README documents the layout, prerequisites (cargo + uv + ffmpeg, no ORT_DYLIB_PATH needed because ort 2.0.0-rc.12's default features include download-binaries + copy-dylibs), the canonical fixture set (dia's parity fixtures, intentionally not copied), the parameter alignment table (named defaults match upstream silero-vad 6.2.1 exactly), and the off-by-one silence threshold finding in detail.

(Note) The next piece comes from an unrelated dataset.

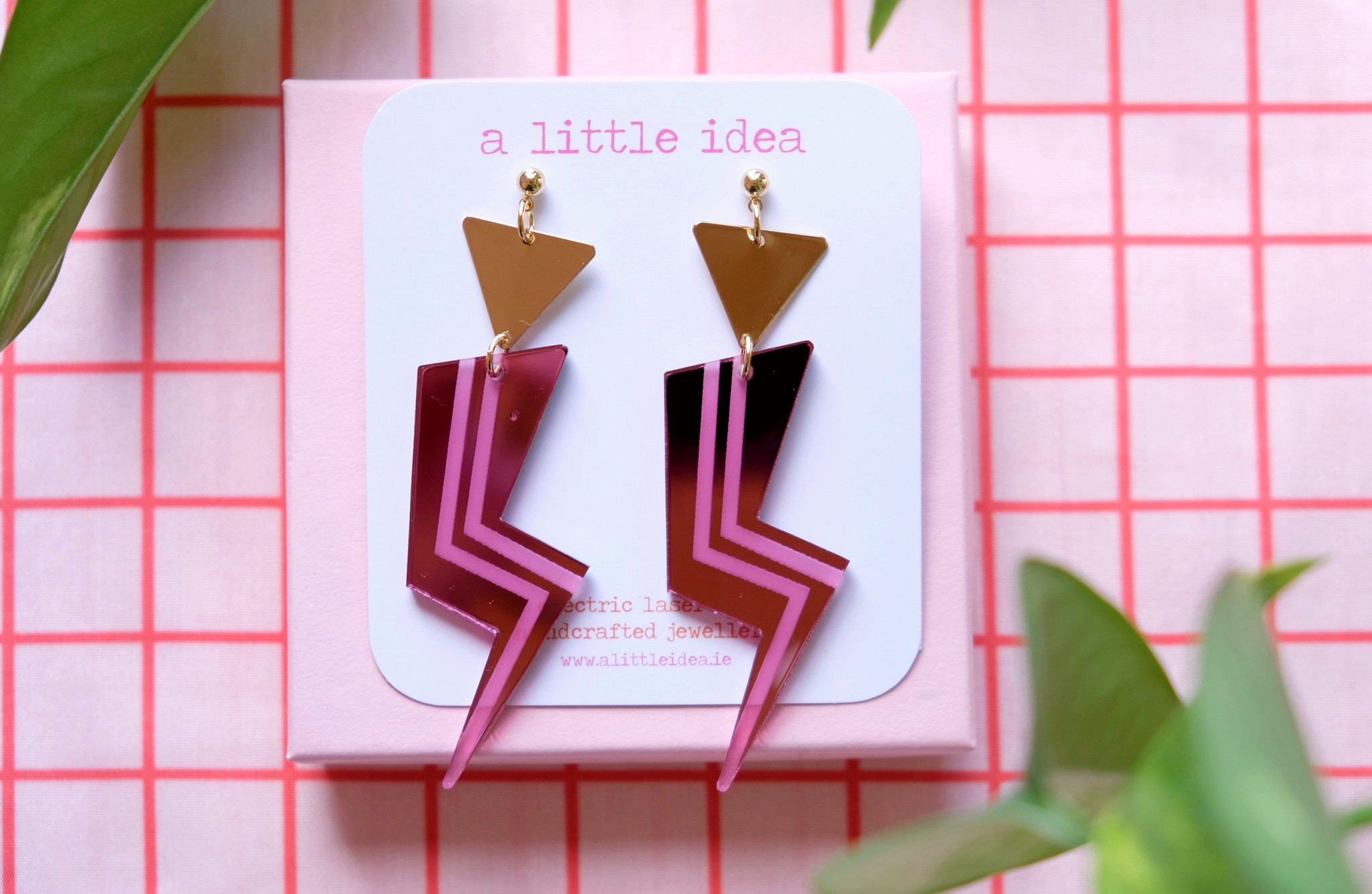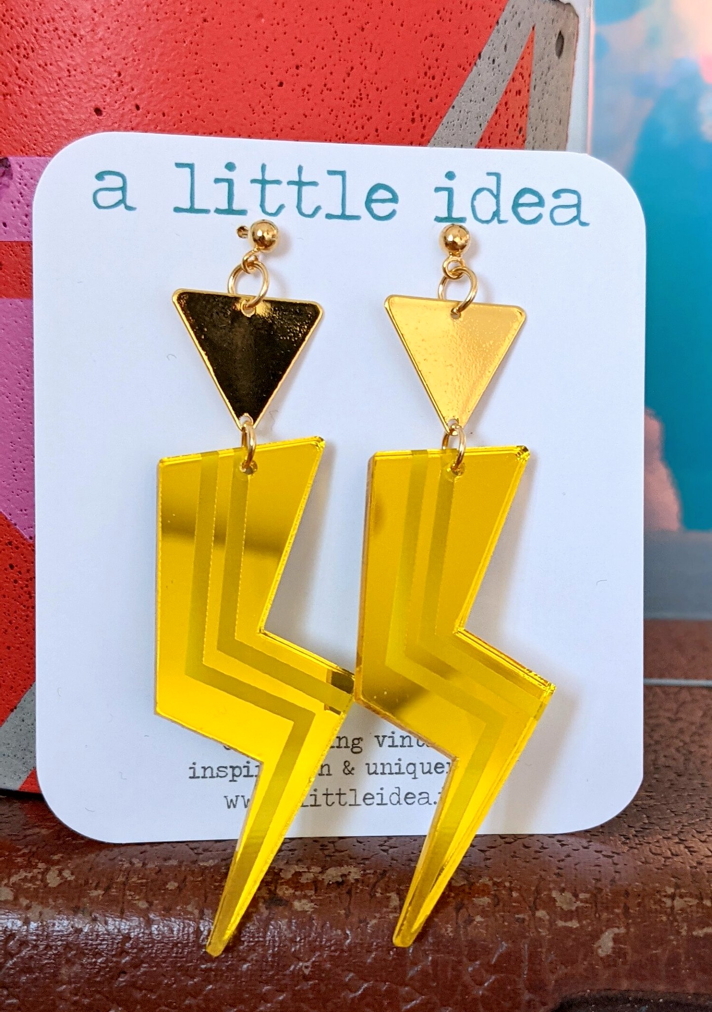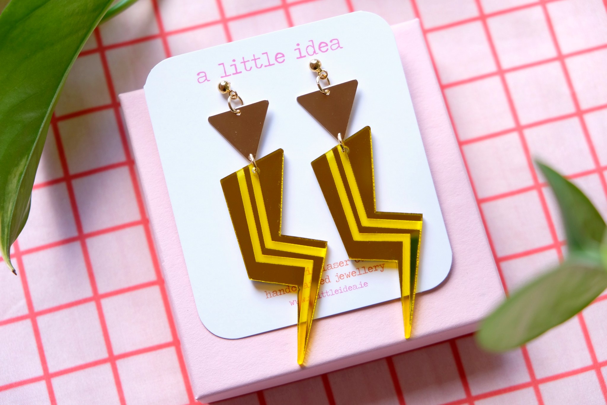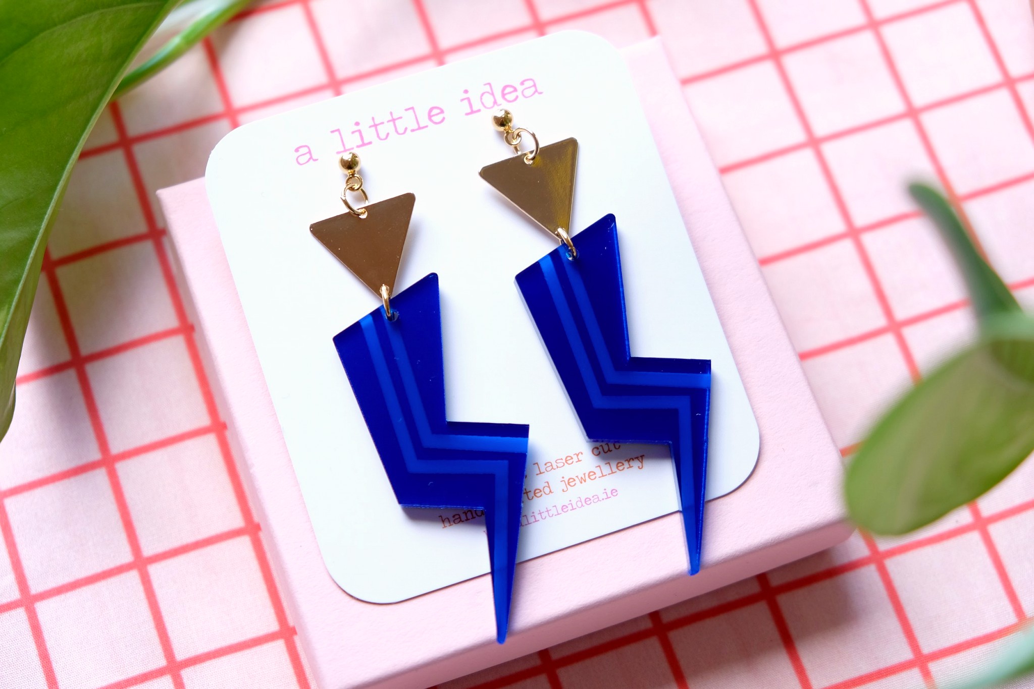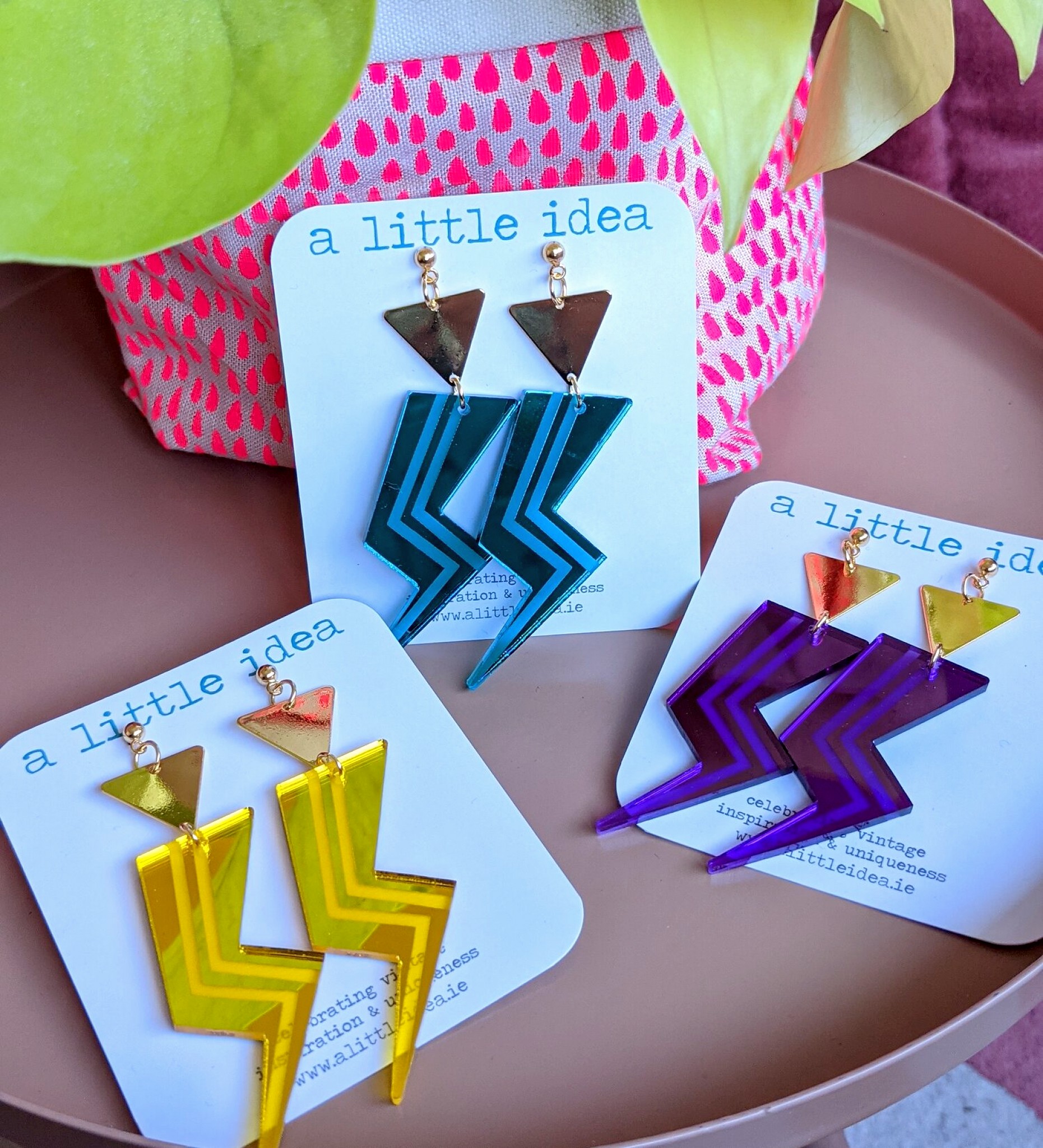 Laser Cut Mirrored Acrylic Lightning Bolt statement earrings with brass, smooth etched acrylic in a range of fabulous colours and styles, measuring 7cm long. All using mirrored acrylic. Please note that the mirrored acrylic only has a design on one side.

fix(detector): silence threshold counter matches upstream silero-vad

The silence-counter in SpeechSegmenter::push_probability evaluated silence_samples = current_sample - silence_start AFTER the current frame's contribution had been added to current_sample, while upstream Python silero-vad evaluates the equivalent sil_dur_now = cur_sample - temp_end BEFORE the current frame is consumed. The crate's counter therefore fired one model frame (32 ms at 16 kHz / 512-sample windows) early — at the default
min_silence_duration_ms = 100, the crate closed a segment after 4 consecutive low-probability frames where Python tolerates the dip and closes after 5.

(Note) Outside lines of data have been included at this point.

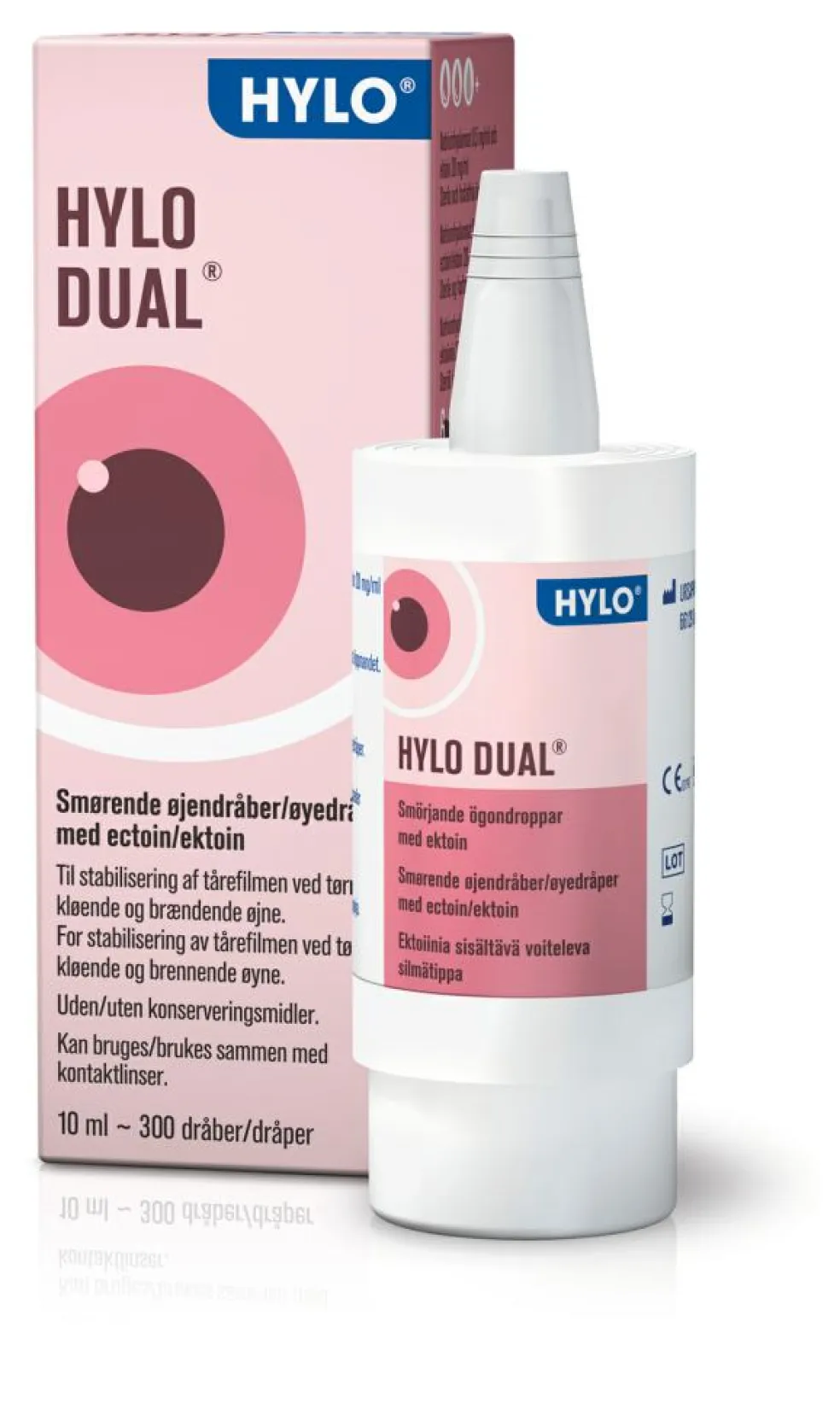 Læs indlægssedlen omhyggeligt. Den indeholder oplysninger, der hjælper dig med at anvende HYLO DUAL® korrekt.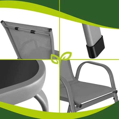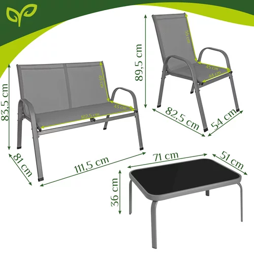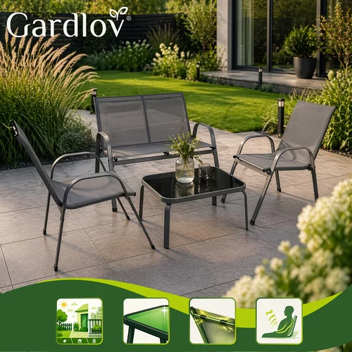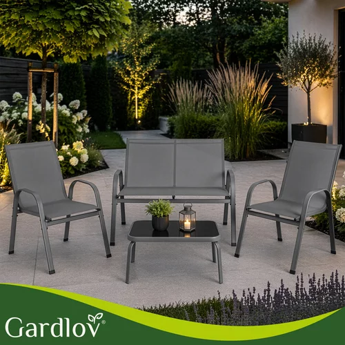 A stílusos kertibútor szett ideális választás a kényelmes pihenéshez a kertben, teraszon vagy erkélyen. A négyfős szett tartalmaz kanapét, két fotelt és asztalt, így elegendő helyet kínál a családdal vagy barátokkal való ücsörgéshez. A modern, szürke dizájn könnyen illeszkedik a kültéri térbe, és egyúttal elegáns megjelenést kölcsönöz a környezetnek. A masszív szerkezet és az időjárásálló anyagok hosszú élettartamot és kényelmes használatot biztosítanak.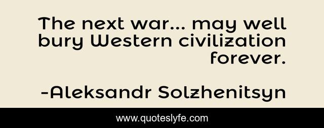 This page presents the quote "The next war... may well bury Western civilization forever.". Author of this quote is Aleksandr Solzhenitsyn. This quote is about forever, civilization, well,.
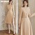 ROEYSHOUSE罗衣小香风连衣裙秋冬新款气质系带收腰粗花呢中长裙09601 卡其色 XL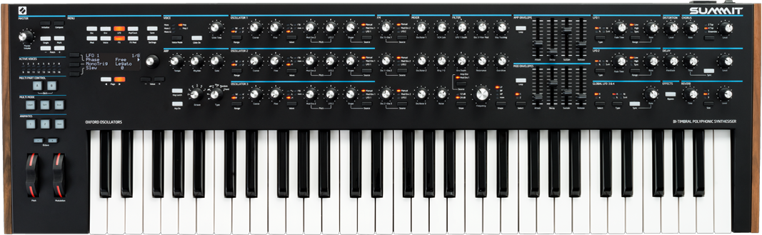 Summit verdoppelt die Leistung der digitalen New Oxford Oszillatoren aus Peak auf eine bis zu 16-fache Polyphonie, verteilt auf zwei Multiparts. Dazu werden etliche neue Funktionen und eine erstklassige Klaviatur mit fünf Oktaven ergänzt. Dieser Synthesizer ist weitaus mehr als die Summe seiner Teile. Er gibt selbst anspruchsvollen Produzenten und Livekünstlern die nötige Leistung an die Hand, um beeindruckende Bässe, Leads, Arpeggios, Pads, Effekte und weitere Sounds zu gestalten und zu spielen.

Switch the comparator to frame_start.saturating_sub(silence_start), mirroring Python's cur_sample - temp_end evaluated before the frame is consumed. Same correction applies to the
min_silence_at_max_speech_samples comparator on the same line block, which used the same off-by-one counter.

Audit existing tests:

  • middle_band_frames_do_not_reset_tentative_end and min_speech_duration_is_checked_before_padding extended their trailing silence runs by one frame so the close still fires via push_probability under the corrected counter.
  • force_split_during_silence_closes_without_restarting raised its max_speech_duration ceiling by one frame so the max-speech split still fires after max_split_end has been recorded by the silence-counter logic.
  • All updated tests document the change in their docstrings, citing the parity harness in tests/parity/ as motivation.

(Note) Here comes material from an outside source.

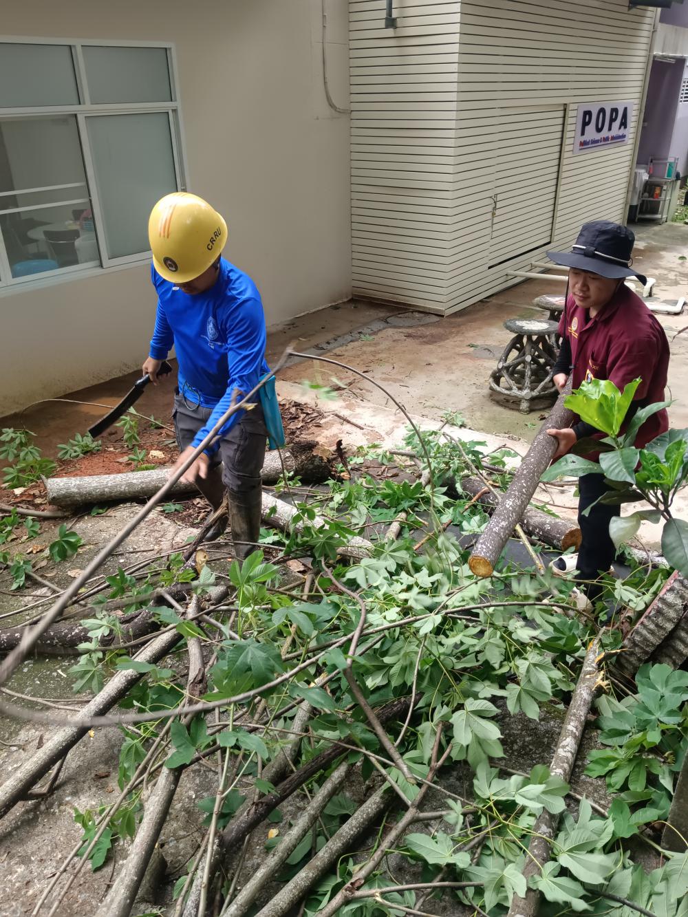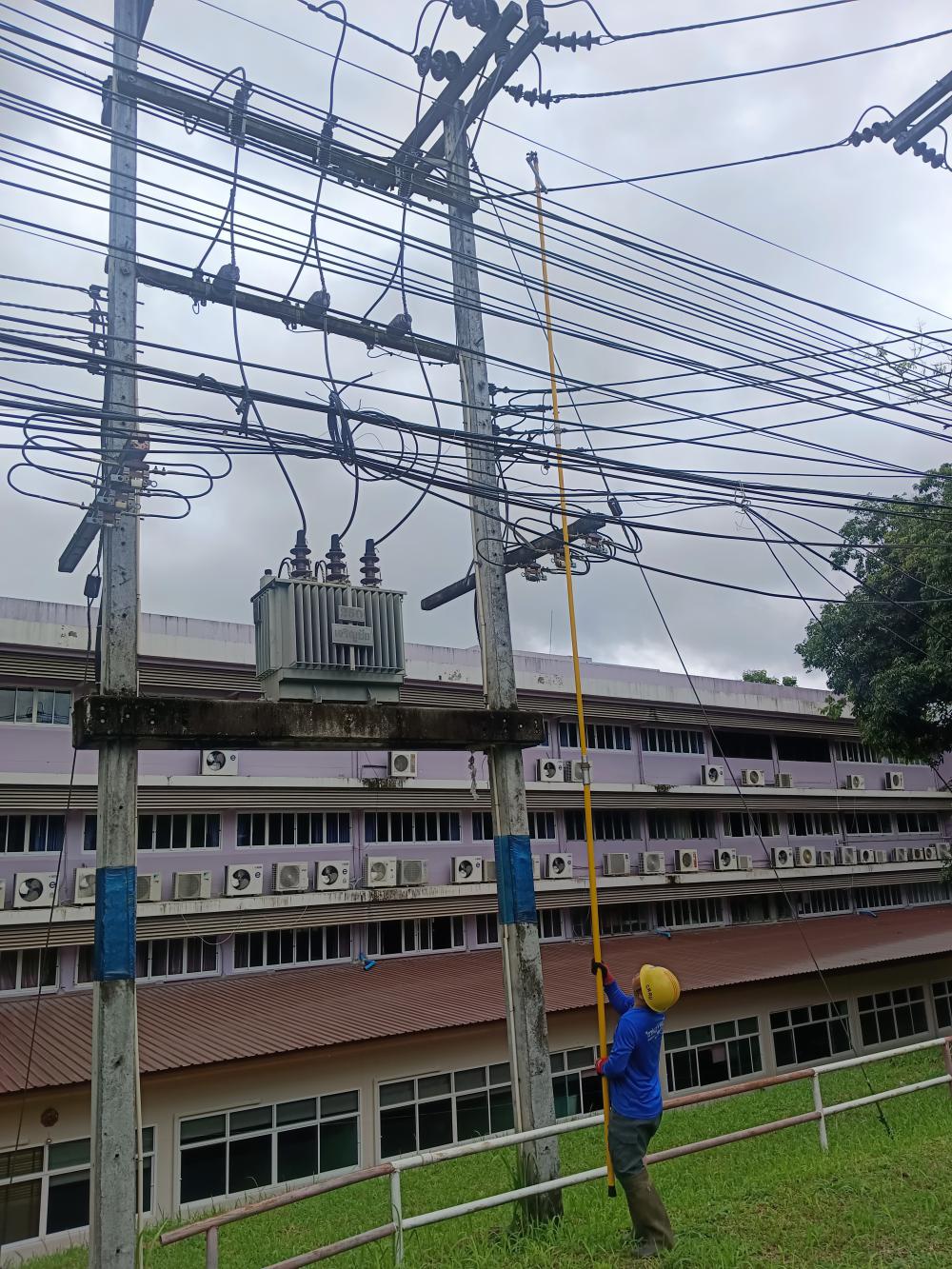 กองบริหารกายภาพฯ เปลี่ยนฟิวส์แรงสูงหม้อแปลง 250 kVAและตัดกิ่งไม้ หลังอาคาร รปศ.

Add two new regression tests:

  • four_frame_silence_dip_does_not_close_segment_at_default_min_silence pins that a 4-frame (128 ms) silence dip is now tolerated.
  • five_frame_silence_dip_closes_segment_at_default_min_silence pins that 5 consecutive low-prob frames still close, matching upstream.

Discovered by the parity harness in commits dd64c35 / 003e8b6 / da8c0de.

test(parity): drop now-unneeded min-silence override

The --min-silence-ms 132 workaround in run.sh was compensating for an off-by-one in SpeechSegmenter::push_probability's silence counter (silero v0.2.x evaluated silence_samples = current_sample - silence_start after the current frame's increment, while Python evaluates the equivalent cur_sample - temp_end before the current frame is consumed). The crate fix in the previous commit aligns the two semantics, so the runner now uses upstream silero-vad defaults verbatim and parity numbers are unchanged.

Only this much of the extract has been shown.